Household demand for bandwidth to download large video files or stream faster from online television services has been growing for a long time. Conversely, until the pandemic hit, relatively few people were using data at a volume that would have affected network performance.

When half the workforce started working from home, however, and the country’s schoolchildren and students were sent home too, videoconferencing took off. We expected this extreme demand for telecommuting during working hours to change the pattern of internet use and broadband performance.

To determine how this affected the economic resilience of different places — their capacity to maintain economic activity — during the pandemic, we analysed data on the upload and download speeds that internet users experienced during the first UK lockdown in 2020.

We found that patterns of demand changed a lot in most of the UK, both in terms of download and upload speeds. People weren’t only using the internet to download data (movies or music, for example) but to upload data, primarily for videoconferencing. Zoom, after all, counted 300 million daily meeting participants worldwide at its April 2020 peak.

Socio-economic correlations

Now, only half of the UK’s workforce were able to continue working remotely. The other half still had to go into work or were furloughed.

To understand whether existing economic divides and digital divides overlapped or diverged, we first created clusters of local authorities based on upload internet speeds as experienced by internet users in these places during the lockdown. We then correlated these clusters with various economic and geographical variables: distances to cities, the north-south economic divide, different occupations, average earnings, number of jobs and businesses, and furlough numbers.

Our findings indicate that areas, including Bristol and Cambridge, with relatively slow and unreliable internet services were not those with the highest percentages of people on furlough. Increased demand for digital services such as Zoom and the resulting network congestion occurred in these areas where (and perhaps because) occupations were more economically resilient: they were able to continue operating despite the pandemic.

Conversely, some areas with reliably high broadband speeds, suffered economically as reflected in high furlough numbers.
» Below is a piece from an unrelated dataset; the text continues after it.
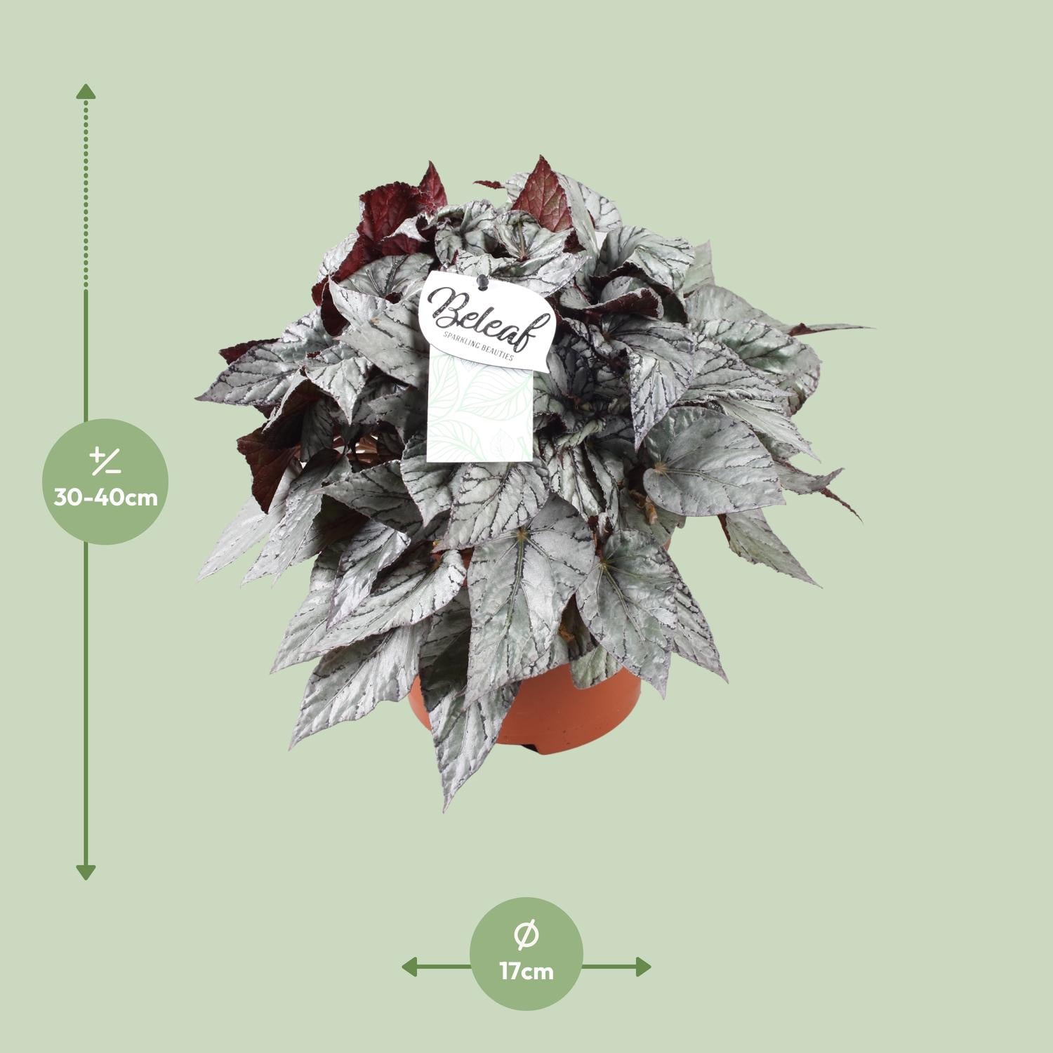 Maak kennis met onze kamerplant Begonia Beleaf Evening Glow! Deze verbluffende variëteit, ook bekend als Begonia, is een echte blikvanger. Met zijn levendige bladeren en unieke kleuren voegt het een vleugje charme toe aan elke ruimte. Deze Begonia is afkomstig van de beste bronnen en gedijt binnenshuis, waardoor het perfect is om je huis of kantoor op te fleuren. Gemakkelijk in het onderhoud en visueel betoverend, onze Begonia Beleaf Evening Glow is een must-have voor plantenliefhebbers. Koop nu en breng een explosie van natuurlijke schoonheid in je leven! Begonia's gedijen goed op een plek met helder, indirect licht, zoals een raam op het zuiden of onder fluorescentieverlichting. Ze hebben regelmatig water nodig, waarbij de grond consistent vochtig moet blijven maar niet verzadigd met water. Begonia's geven de voorkeur aan goed doorlatende grond, dus een mix van potgrond en perliet of zand is ideaal. Bemest de plant elke vier tot zes weken tijdens het groeiseizoen (lente tot herfst) met een gebalanceerde vloeibare meststof. Verdun de meststof volgens de instructies op de verpakking en breng het aan op de grond, wees voorzichtig dat je geen meststof op de bladeren krijgt.Wist je dat de Begonia Beleaf Evening Glow een verbluffende plant is die een vleugje magie toevoegt aan elke ruimte? Met zijn diepgroene bladeren die bezaaid zijn met levendige roze en zilveren vlekken, zal het zeker je aandacht trekken. Het is echter belangrijk om op te merken dat deze prachtige plant alleen voor decoratieve doeleinden is en niet geconsumeerd moet worden. Zijn schoonheid ligt in zijn sierlijke eigenschappen, waardoor het een uitstekende keuze is om je huis of kantoor op te fleuren. Dus ga lekker zitten, ontspan en geniet van het visuele feest dat de Begonia Beleaf Evening Glow te bieden heeft!De Begonia Beleaf Evening Glow heeft een potmaat van 17 cm.De plant is ongeveer 32 cm hoog, waardoor het een compacte en hanteerbare grootte is voor binnenruimtes.Begonia staat ook bekend als Begonia, waardoor het gemakkelijk te herkennen en online te zoeken is.Deze plant gedijt goed in helder maar indirect licht, waardoor het geschikt is voor een plekje bij een raam of in een goed verlichte kamer.Leuk feitje: Begonia's zijn populair vanwege hun levendige en kleurrijke bladeren, die tinten roze, rood, groen en zilver kunnen hebben.

These areas are characterised by a lack of jobs in the kind of occupations (technology and business services) that enable workers to be productive at home.

The temporary shift to flexible working models ushered in by the pandemic appears to be lasting. Some employers want their staff to return to the office, but many more are planning for hybrid or flexible working. A few are considering a permanent shift to remote working.

This means that the demand for fast and reliable upload and download speeds during working hours in residential areas is here to stay. Ofcom’s latest reports already include more data on upload speeds, and internet service providers will no doubt need to focus more on what customers need during working hours. Government ministers, meanwhile, should be thinking not only about 5G and the wider digital infrastructure, but also about the sort of jobs and skills people need in order to make the best use of it.

As our research illustrates, in order for a place to be economically resilient — for the local economy to continue to operate — during a pandemic, government ministers, community leaders and economists alike need to consider not only the digital divides linked to the internet’s physical infrastructure, but also the associated economic and social divides.

Broadband policies, although necessary, cannot boost the economic resilience of places on their own, where the industrial structure does not align with occupations that incorporate the digital skills and capabilities to work from home. This complex web of digital and socio-economic divides needs to be incorporated into our thinking of local economies and government priorities.